The platform supports chaos attacks across Kubernetes, cloud VMs, containers, bare metal servers, and serverless environments. Gremlin organizes experiments into three categories: resource attacks (CPU, memory, disk, I/O), network attacks (latency, packet loss, DNS, blackhole), and state attacks (process kill, time travel, shutdown). Its Scenarios feature allows teams to build reusable multi-step attack sequences that model real-world failure modes, while Status Checks validate system health during experiments.
Installation
Gremlin Agent on Linux
# Add Gremlin APT repository (Debian/Ubuntu)

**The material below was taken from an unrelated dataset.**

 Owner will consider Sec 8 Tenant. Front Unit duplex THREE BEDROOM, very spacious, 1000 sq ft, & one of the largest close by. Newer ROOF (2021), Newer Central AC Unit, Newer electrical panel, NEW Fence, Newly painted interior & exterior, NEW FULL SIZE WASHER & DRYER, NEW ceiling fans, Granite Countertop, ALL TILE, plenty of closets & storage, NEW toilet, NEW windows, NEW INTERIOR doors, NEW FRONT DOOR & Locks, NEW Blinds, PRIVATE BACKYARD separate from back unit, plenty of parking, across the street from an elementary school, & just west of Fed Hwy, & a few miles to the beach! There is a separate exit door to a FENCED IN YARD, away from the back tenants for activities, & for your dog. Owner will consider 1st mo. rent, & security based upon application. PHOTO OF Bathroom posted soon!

echo "deb https://deb.gremlin.com/ release non-free" | sudo tee /etc/apt/sources.list.d/gremlin.list
sudo apt-key adv --keyserver keyserver.ubuntu.com --recv-keys 05AE748A3A9EC419
sudo apt-get update
sudo apt-get install -y gremlin gremlind
# Add Gremlin YUM repository (RHEL/CentOS)

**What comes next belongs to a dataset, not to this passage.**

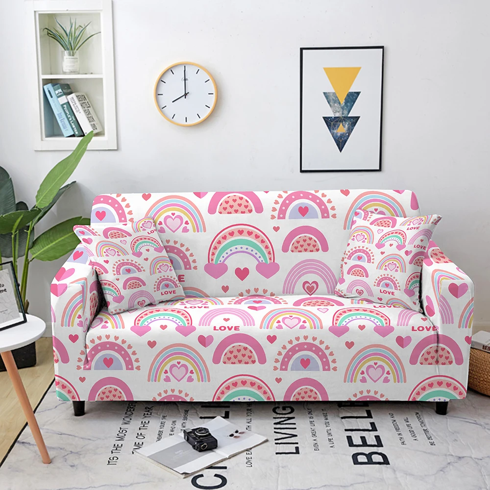 Разноцветные чехлы для диванов с рисунком сердца для гостиной, эластичный чехол для дивана на 3 места, растягивающийся чехол для дивана с принтом сердца, защита для дивана

sudo rpm --import https://rpm.gremlin.com/gpg-key
cat <<EOF | sudo tee /etc/yum.repos.d/gremlin.repo
[gremlin]
name=Gremlin
baseurl=https://rpm.gremlin.com/
gpgcheck=1
gpgkey=https://rpm.gremlin.com/gpg-key
EOF
sudo yum install -y gremlin gremlind
# Initialize Gremlin agent with credentials
sudo gremlin init --team-id "YOUR_TEAM_ID" \
--team-secret "YOUR_TEAM_SECRET"
# Start the agent
sudo systemctl start gremlind
sudo systemctl enable gremlind
# Verify agent is connected
gremlin check auth
Kubernetes Installation
# Add Gremlin Helm repo
helm repo add gremlin https://helm.gremlin.com
helm repo update
# Create namespace and secret
kubectl create namespace gremlin
kubectl create secret generic gremlin-team-secret \
--namespace gremlin \
--from-literal=GREMLIN_TEAM_ID="YOUR_TEAM_ID" \
--from-literal=GREMLIN_TEAM_SECRET="YOUR_TEAM_SECRET"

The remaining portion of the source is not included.